J Costa1, C Espírito-Santo, A Borges, J J Ferreira, M Coelho, P Moore, C Sampaio.   

Abstract

BACKGROUND: Cervical dystonia is characterized by involuntary posturing of the head and frequently is associated with neck pain. Disability and social withdrawal are common. In recent years, Botulinum toxin Type A (BtA) has become the first line therapy. However its true efficacy, in particular the potential effect size, is still unclear.

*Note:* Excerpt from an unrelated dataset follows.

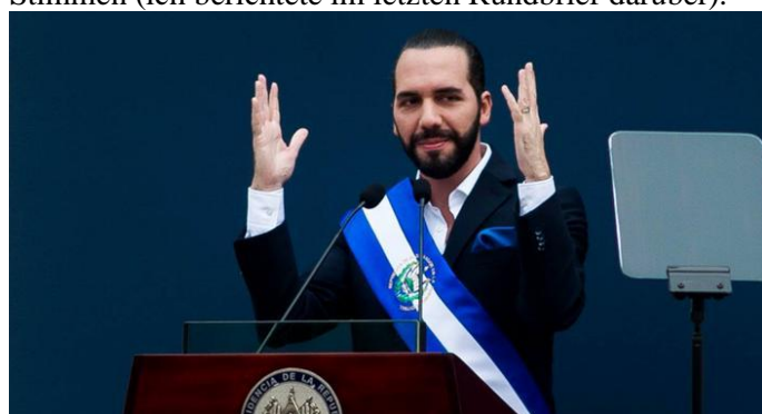
Der neue Präsident von El Salvador Nayib Bukele

Liebe Freundinnen und Freunde, Seit 1. Juni hat El Salvador den jüngsten lateinamerikanischen Präsidenten, Nayib Bukele. Bei der Wahl am 3. Februar dieses Jahres gewann er gleich in der ersten Runde sein Mandat mit 53,3% der abgegebenen Stimmen (ich berichtete im letzten Rundbrief darüber).

OBJECTIVES: To determine whether botulinum toxin (BtA) is an effective and safe treatment for cervical dystonia. SEARCH STRATEGY: We searched the Cochrane Movement Disorders Group trials register (June 2003), the Cochrane Central Register of Controlled Trials (The Cochrane Library Issue 3, 2003, MEDLINE (1977 to June 2003), EMBASE (1977 to June 2003) and reference lists of articles. We also contacted drug manufacturers and researchers in the field. SELECTION CRITERIA: Randomised studies comparing BtA with placebo in adults with cervical dystonia. DATA COLLECTION AND ANALYSIS: Two reviewers independently assessed trial quality and extracted data. Study authors were contacted for additional information. Adverse effects information was collected from the trials. MAIN
RESULTS: We found thirteen high quality eligible studies. They were short term (6 to 16 weeks). Eight trials, enrolling 361 patients, used the BtA formulation Botox(r) and five, enrolling 319 patients, used the BtA formulation Dysport. The dose and technique of administration varied significantly between studies.Meta-analysis showed statistically and clinically significant improvements on objective rating scales: (Peto OR 4.31; 95% confidence interval (CI) 2.68 to 6.94) and subjective rating scales (Peto OR 6.58; 95% CI 4.55 to 9.54); and for pain relief in subjective scales (Peto OR 11.92; 95% CI 6.32 to 22.5). However, for many of the outcomes, we could use data from only a few studies. Only adverse events clearly associated with the mechanism of action of BtA were more frequent in the treatment group. These included neck weakness, dysphagia, dry mouth/sore throat and voice changes/hoarseness. Sub-group and sensitivity analyses showed a clear dose-response relationship for subjective and objective benefit and for frequency and severity of adverse events. Indirect comparisons between trials that used Dysport against placebo and trials that used Botox against placebo showed no significant differences between Dysport and Botox in terms of benefits or adverse events. AUTHORS'
CONCLUSIONS: A single injection cycle of BtA is effective and safe for treating cervical dystonia. Enriched trials (using patients previously treated with BtA), suggest that further injection cycles continue to work for most patients.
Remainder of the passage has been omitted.